Collect 30-50 live examples from working flows. Include not only successful cases, but also the ones where the model gets confused, adds extra text, or gives an answer that is too expensive. It is better to leave the prompts as they are, without cosmetic edits, otherwise the test will look too perfect.

Split the examples into four groups: summarization, field extraction, chat, and code. For each example, briefly write down what counts as an acceptable result. That is already enough for the first evaluation.

Then build a simple matrix: task type, main route, fallback route, price limit per request, and quality criterion. At this step it usually becomes clear very quickly that summarization and extraction can go to cheaper models, while chat and code should stay with stronger ones.

Week 2

Send 10-20% of traffic through the new setup. Do not change everything at once. Compare final cost, latency, and manual review of the answer on the same task set. If extraction keeps its accuracy and chat does not get worse in tone or usefulness, the matrix works.

If you need one OpenAI-compatible endpoint for this setup, AI Router lets you change the base_url to api.airouter.kz and keep working with the same SDK, code, and prompts. That is handy when you do not want to build separate integrations for each provider.

If your team has strict requirements, it is better to check them before expanding the pilot. For companies in Kazakhstan, this is often part of the architecture, not a formality: data stored inside the country, audit logs, PII masking, and rate limits at the key level. In AI Router, these things are already in place, so you can build the pilot faster and without extra API glue.

Task-based routing is good not because it makes the setup more complex. It removes unnecessary expense and brings back common sense: simple requests should be cheap, and complex ones should get a strong model only where it is truly needed.

Frequently asked questions

Why does one model for all tasks get expensive so fast?

Because you pay the high rate even for simple requests. Short summarization, classification, or field extraction rarely need a strong model, and long heavy requests can also slow down the whole flow.

Which tasks should be separated first?

Start with four groups: summarization, field extraction, chat, and code. That split usually lowers the bill because each group needs a different balance of speed, accuracy, and cost.

How many examples do you need for the first model test?

For the first round, 50–100 real examples per task type is usually enough. Include not only clean cases, but also long emails, bad OCR, mixed-language text, and fragmented messages.

How do you know a cheaper model is enough for summarization?

Look at facts, not style. If the model keeps the meaning, does not confuse numbers, dates, or names, and costs much less, it can be used for standard documents.

What should you check in field extraction tasks?

Check exact matches for each field: IIN, contract number, date, amount, and status. If the model writes nicely but misses fields or breaks JSON, it is not a good fit for extraction.

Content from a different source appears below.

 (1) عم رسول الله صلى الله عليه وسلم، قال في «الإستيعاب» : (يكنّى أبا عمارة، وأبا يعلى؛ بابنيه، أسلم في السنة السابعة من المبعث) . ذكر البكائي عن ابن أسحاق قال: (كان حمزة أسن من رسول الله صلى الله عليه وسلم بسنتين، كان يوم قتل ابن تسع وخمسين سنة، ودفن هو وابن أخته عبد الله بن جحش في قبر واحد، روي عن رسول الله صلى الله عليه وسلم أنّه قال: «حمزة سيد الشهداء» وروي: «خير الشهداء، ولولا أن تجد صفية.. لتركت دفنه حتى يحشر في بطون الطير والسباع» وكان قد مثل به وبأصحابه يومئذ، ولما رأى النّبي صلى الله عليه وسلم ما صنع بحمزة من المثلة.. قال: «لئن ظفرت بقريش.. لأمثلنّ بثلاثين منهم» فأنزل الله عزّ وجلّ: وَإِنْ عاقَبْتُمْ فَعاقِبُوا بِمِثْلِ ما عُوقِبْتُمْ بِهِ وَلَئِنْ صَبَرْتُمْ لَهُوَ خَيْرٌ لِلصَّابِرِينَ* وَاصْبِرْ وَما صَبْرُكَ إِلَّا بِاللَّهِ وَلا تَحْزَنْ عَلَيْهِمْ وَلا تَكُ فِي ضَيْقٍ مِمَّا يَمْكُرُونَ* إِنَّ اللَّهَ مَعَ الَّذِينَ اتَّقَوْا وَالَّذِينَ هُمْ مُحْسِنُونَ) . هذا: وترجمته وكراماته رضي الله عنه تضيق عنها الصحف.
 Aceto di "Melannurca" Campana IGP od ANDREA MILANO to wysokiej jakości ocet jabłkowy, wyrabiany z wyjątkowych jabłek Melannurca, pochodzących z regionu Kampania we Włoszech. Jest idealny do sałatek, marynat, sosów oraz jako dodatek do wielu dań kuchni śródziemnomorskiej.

Why does chat often need a separate model?

In chat, people notice latency and context mistakes right away. It is better to give an answer in a couple of seconds with a steady tone than to wait longer for a small gain in wording.

How should you fairly evaluate a model for code?

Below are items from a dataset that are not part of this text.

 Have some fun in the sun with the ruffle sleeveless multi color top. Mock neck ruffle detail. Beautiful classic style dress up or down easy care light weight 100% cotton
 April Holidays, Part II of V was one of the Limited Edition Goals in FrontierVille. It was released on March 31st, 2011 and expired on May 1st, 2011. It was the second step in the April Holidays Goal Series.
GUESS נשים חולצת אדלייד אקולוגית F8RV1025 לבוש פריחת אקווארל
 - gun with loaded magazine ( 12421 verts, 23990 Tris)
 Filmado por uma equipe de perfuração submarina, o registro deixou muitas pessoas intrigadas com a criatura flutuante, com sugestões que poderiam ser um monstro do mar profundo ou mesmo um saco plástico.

Do not trust a long answer by itself. Run tests, count how many tasks pass on the first try, and see how much time developers spend fixing the result afterward.

When should a request go to a stronger model?

A stronger route is needed when the mistake is costly or the case falls outside the usual rules. That usually includes long complaints, risky documents, unusual code, unreadable PDFs, and conflicting data.

Why keep a fallback route from day one?

A fallback protects the flow when the provider slows down, hits a limit, or becomes temporarily unavailable. Without one, some requests will just fail and the team will have to investigate manually.

How can you launch a routing pilot in two weeks?

Collect 30–50 real examples, group them by task type, and set simple quality metrics plus a price cap. Then send 10–20% of traffic through the new setup and compare cost, latency, and results on the same scenarios.